▶ [About this task]: Please reproduce the lines of the records below from the one holding "코딩 트렌드 다트Dart, 3월" through the one holding "그래서 오늘은 저와 같은", inclusive, skipping all pictures.

[[ Data provided open ]]

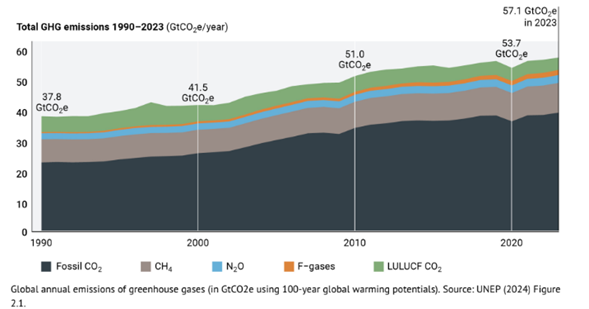 6.- Las emisiones globales aumentaron 1.3% (0,7 GtCO₂e) en 2023 en comparación con 2022, un ritmo de crecimiento significativamente más rápido que el promedio de la década anterior (2010-2019, con 0.8 GtCO₂e por año).
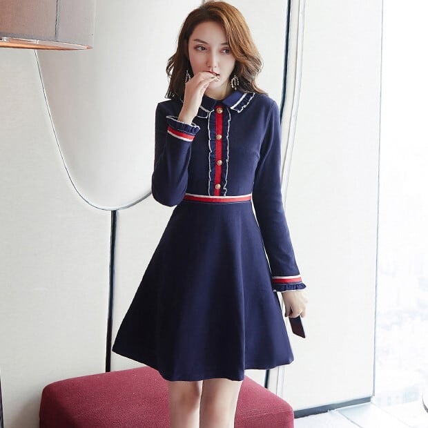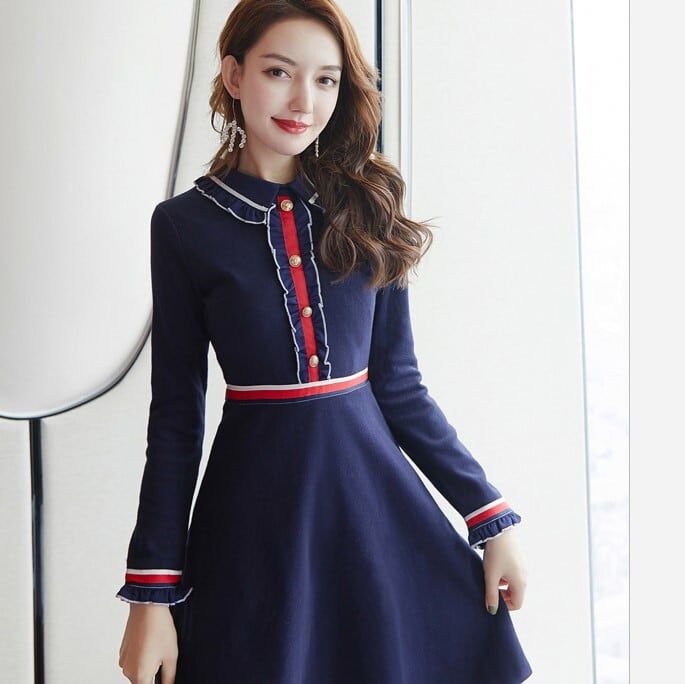 ミニワンピース ドレス フリル 開襟 フロントボタン 長袖 フィット スリム 秋 冬 大人かわいい レトロ デート お呼ばれ 韓国 オルチャン
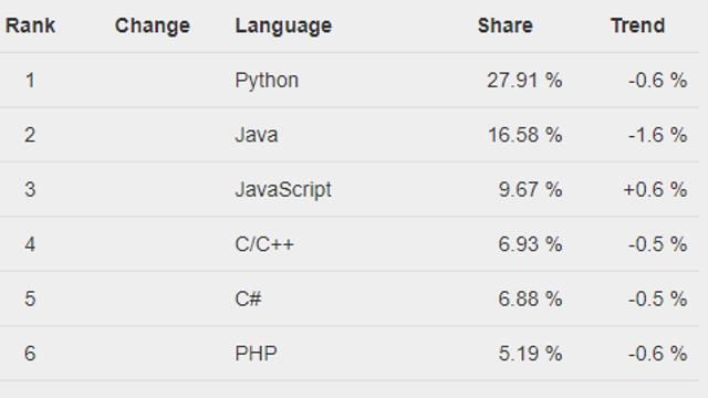 코딩 트렌드 다트Dart, 3월 PyPL 인기 프로그래밍 언어 랭킹 18위…티오베 지수 순위 36위
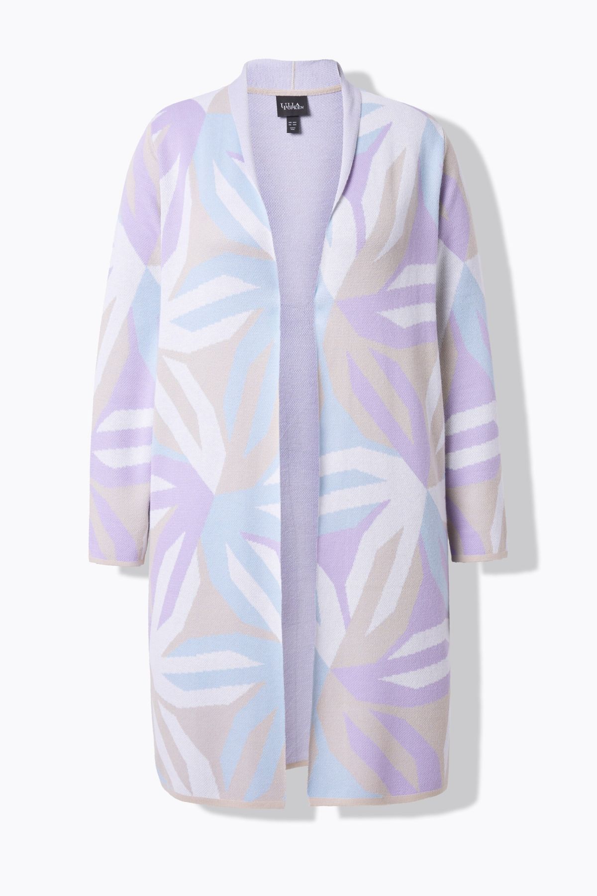 Cardigan long motif graphique, col montant et manches longues
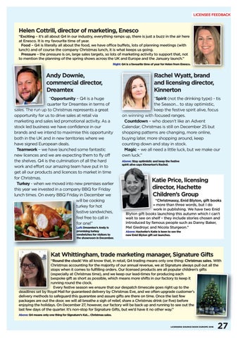 “Exciting – it’s all about Q4 in our industry, everything ramps up, there is just a buzz in the air here at Enesco. It is my favourite time of year. Food – Q4 is literally all about the food, we have office buffets, lots of planning meetings (with lunch) and of course the company Christmas lunch, it is what keeps us going. Pressure – the pressure is on, large sales targets, so lots of marketing activity to support that, not to mention the planning of the spring shows across the UK and Europe and the January launch.” Right: Q4 is a favourite time of year for Helen from Enesco.
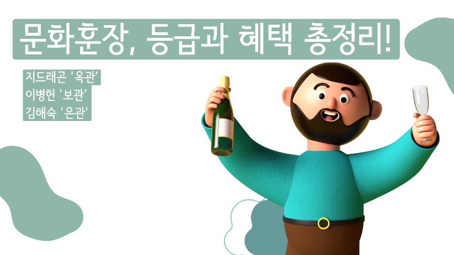 그래서 오늘은 저와 같은 궁금증을 가지셨을 분들을 위해 '문화훈장'의 등급 차이와 수훈 시 혜택에 대해 확실하게 파헤쳐 보겠습니다!
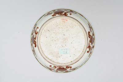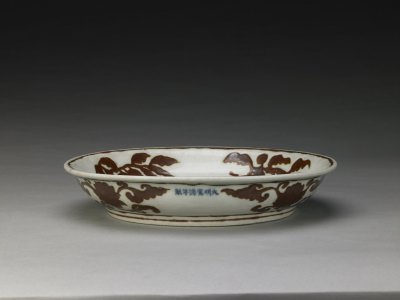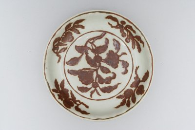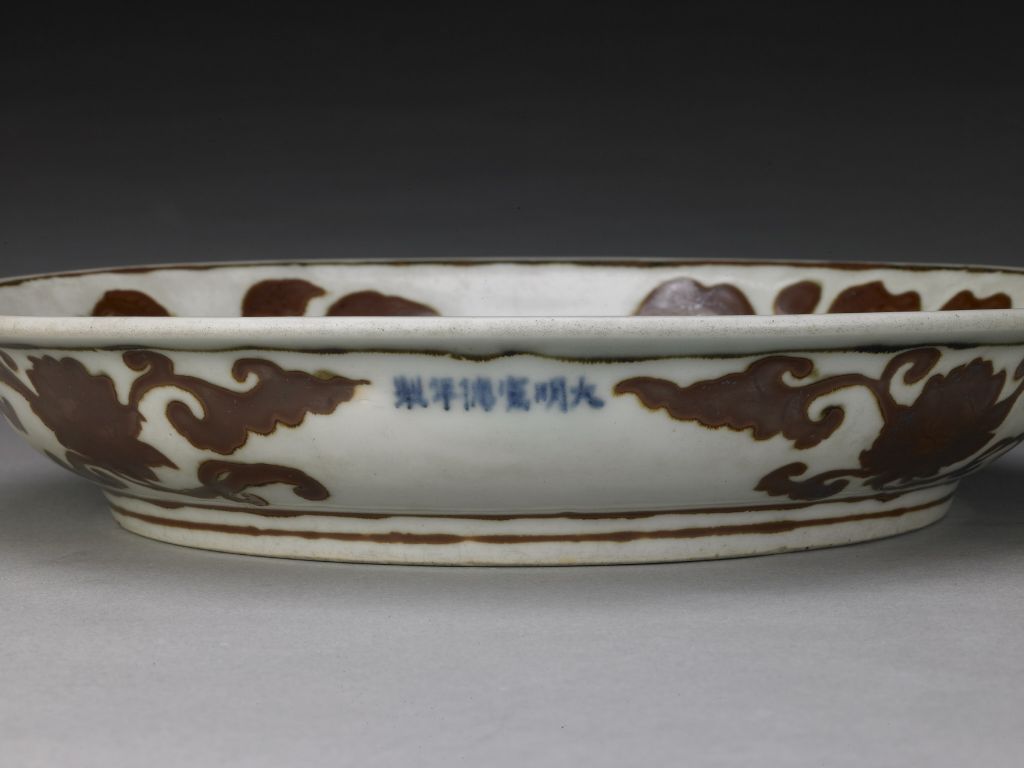 盘撇口,弧壁,圈足。通体白地酱彩装饰。内底饰折枝花纹,内壁饰折枝花果纹,外壁饰缠枝花纹。所有的图案均先暗刻线条。内底、口沿及足墙上均绘有酱彩弦线。圈足内施白釉。外壁口沿下署青花楷体“大明宣德年制”六字款,。

[[ Data provided closed ]]

▶ [Reply]:
 코딩 트렌드 다트Dart, 3월 PyPL 인기 프로그래밍 언어 랭킹 18위…티오베 지수 순위 36위
 Cardigan long motif graphique, col montant et manches longues
 “Exciting – it’s all about Q4 in our industry, everything ramps up, there is just a buzz in the air here at Enesco. It is my favourite time of year. Food – Q4 is literally all about the food, we have office buffets, lots of planning meetings (with lunch) and of course the company Christmas lunch, it is what keeps us going. Pressure – the pressure is on, large sales targets, so lots of marketing activity to support that, not to mention the planning of the spring shows across the UK and Europe and the January launch.” Right: Q4 is a favourite time of year for Helen from Enesco.
 그래서 오늘은 저와 같은 궁금증을 가지셨을 분들을 위해 '문화훈장'의 등급 차이와 수훈 시 혜택에 대해 확실하게 파헤쳐 보겠습니다!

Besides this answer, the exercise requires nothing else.